The railroad didn’t exactly run through Albuquerque. Tracks were laid east of town to accommodate north-south track alignment and to avoid washouts when the Rio Grande flooded. On April 10, 1880, the tracks gained Albuquerque and on the 15th a freight train pulled in, without fanfare. On April 22nd a trainload of dignitaries arrived from Santa Fe, which occasioned parades, music by the Ninth Cavalry Band, speeches and fireworks.

The railroad spawned a second town, as stores and saloons sprouted along the tracks in tents and quickly built shacks. In time the new commercial district gained permanent structures of brick and brownstone. It was known as New Town, and the original community became Old Town.

For some time the depot was a boxcar set on pilings. Construction began on the depot and railroad complex in 1901. By then work had started on the Alvarado Hotel. Completed in 1902 at a cost of $200,000, it was considered the finest railroad hotel of its time.

The railroad brought goods in quantity that freighters had previously hauled on wagons and mule trains. It also brought newcomers. Before the railroad, Albuquerque’s population was largely Hispanic with a sprinkling of Anglos. By 1885, the town counted more than 20 ethnic groups, including African-Americans, Chinese and Italians who were building the line.

With accessible transportation, the town’s economy changed dramatically. Albuquerque became a shipping point for livestock and wool, and the lumber industry boomed. In the early 1900s, American Lumber Co. was second only to the railroad as Albuquerque’s largest employer. Its 110-acre complex was built between 1903 and 1905 near Twelfth Street. That’s how the Sawmill Neighborhood got its name. At its peak it employed 850 men and produced milled lumber, doors and shingles.

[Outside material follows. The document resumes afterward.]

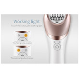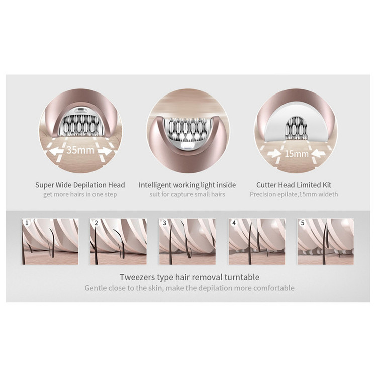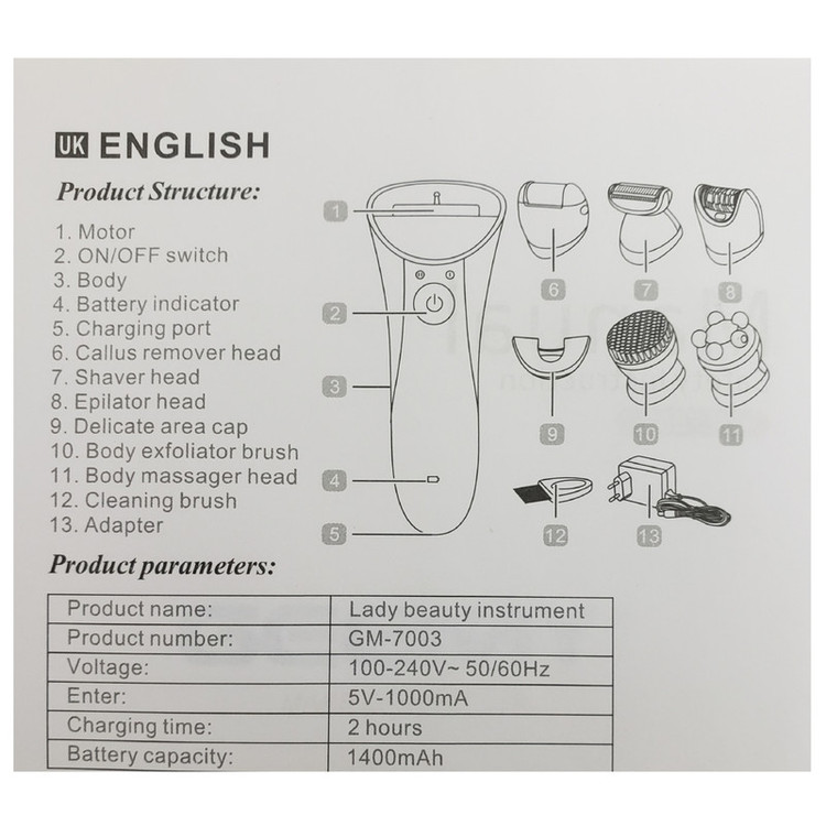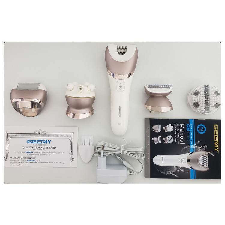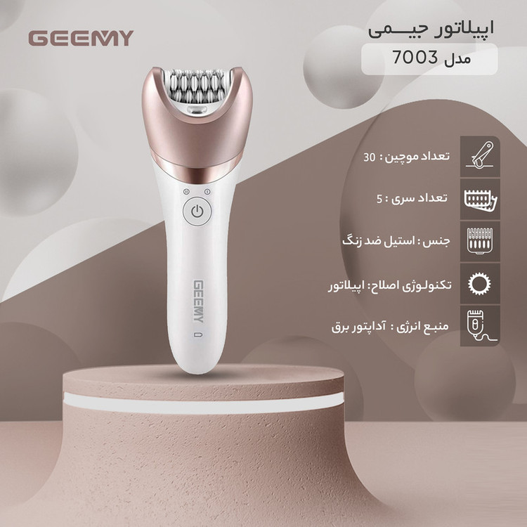 اپیلاتور جیمی مدل 7003 محصولی کاملا حرفه ای و ضد آب است که همزمان 5 نیاز مختلف را برآورده می کند. ماساژور بدن ، سری برس پاکسازی پوست و سری سوهان پا (یا همان سنگ پا) است. سری اپیلاتور، موچینهایی از جنس استیل ضد زنگ دارد که طراحی ویژه آنها، کمک میکند که همهی موها حتی موهای خوابیده از سطح پوست بلند شده و در دام موچینها بیافتند. روی سری اپیلاتور یک پوشش دیگر میتوان قرارداد تا نقاط محدود را به راحتی اصلاح کرد. سری شیور که برای کوتاه کردن موها از ته استفاده میشود. برای اصلاح نقاط حساس توسط شیور میتوان از شانهی مخصوصش استفاده کرد. پس از اتمام کار اصلاح میتوان به کمک سری ماساژور چرخشی، روی پوست را ماساژ داده تا ضمن برخورداری از حسیلذتبخش، تفاوت رنگ قسمتهای مختلف پوست نیز برطرف شود. از سری سنگ پا می توان برای پاکسازی پوست مرده کف پا استفاده کرد. در سری اپیلاتور سرعت حرکت موچینهای اپیلاتور را میتوان روی یکی از دو حالت معمولی و تند قرار داد. این اپیلاتور ضد آب است . پایین سری اپیلاتو یک چراغ LED قرار داده شده که بهخوبی موضع را روشن کرده و میتوان حتی موهای ریز و روشن را دید و اصلاح کرد. منبع انرژی اپیلاتور از باتری قابل شارژ لیتیوم یونی آن تأمین میشود که با 2 ساعت شارژ کردن آن میتوان به مدت 90 دقیقه از دستگاه استفاده کرد. از این دستگاه هم با سیم و هم بدون سیم میتوان استفاده کرد.

Because Old Town had housing and New Town had jobs, a trolley system linked the two. The Street Railway Co. began running mule-drawn trolley cars along Railroad Avenue (Central) from the train station to Old Town. In 1904 Albuquerque got its first electric street cars, which operated until Dec. 31, 1927. The next morning they were replaced by a fleet of five buses with eight miles of routes.

In 1891, when Albuquerque incorporated as a city, it had 5 miles of graded streets and 9 miles of sidewalks. It wouldn’t be long until the first automobiles were driving over city streets. In November 1897 R. L. Dodson bought a “Locomobile” in Denver and drove it to Albuquerque. It was the first car in the city.

In 1900 Louis Galles, who had come to New Mexico as a soldier in the Indian wars, bought another automobile. In 1908 he started the city’s first car dealership, Galles Motor Co. As cars began to proliferate, the municipal council that year set Albuquerque’s first speed limit for automobiles of 8 miles an hour.

In 1910 Fourth Street became part of New Mexico Route 1.

Albuquerque gained its first communications link to the world on Feb. 12, 1876, when the telegraph arrived. That year Maj. Melchior Werner opened the Centennial Hotel west of the plaza, which became a communications center of sorts; it housed both the post office (Werner was postmaster) and the telegraph office.

The city got its first telephone system in 1882. In 1901 the Mutual Automatic Telephone Company introduced dial telephones to the city.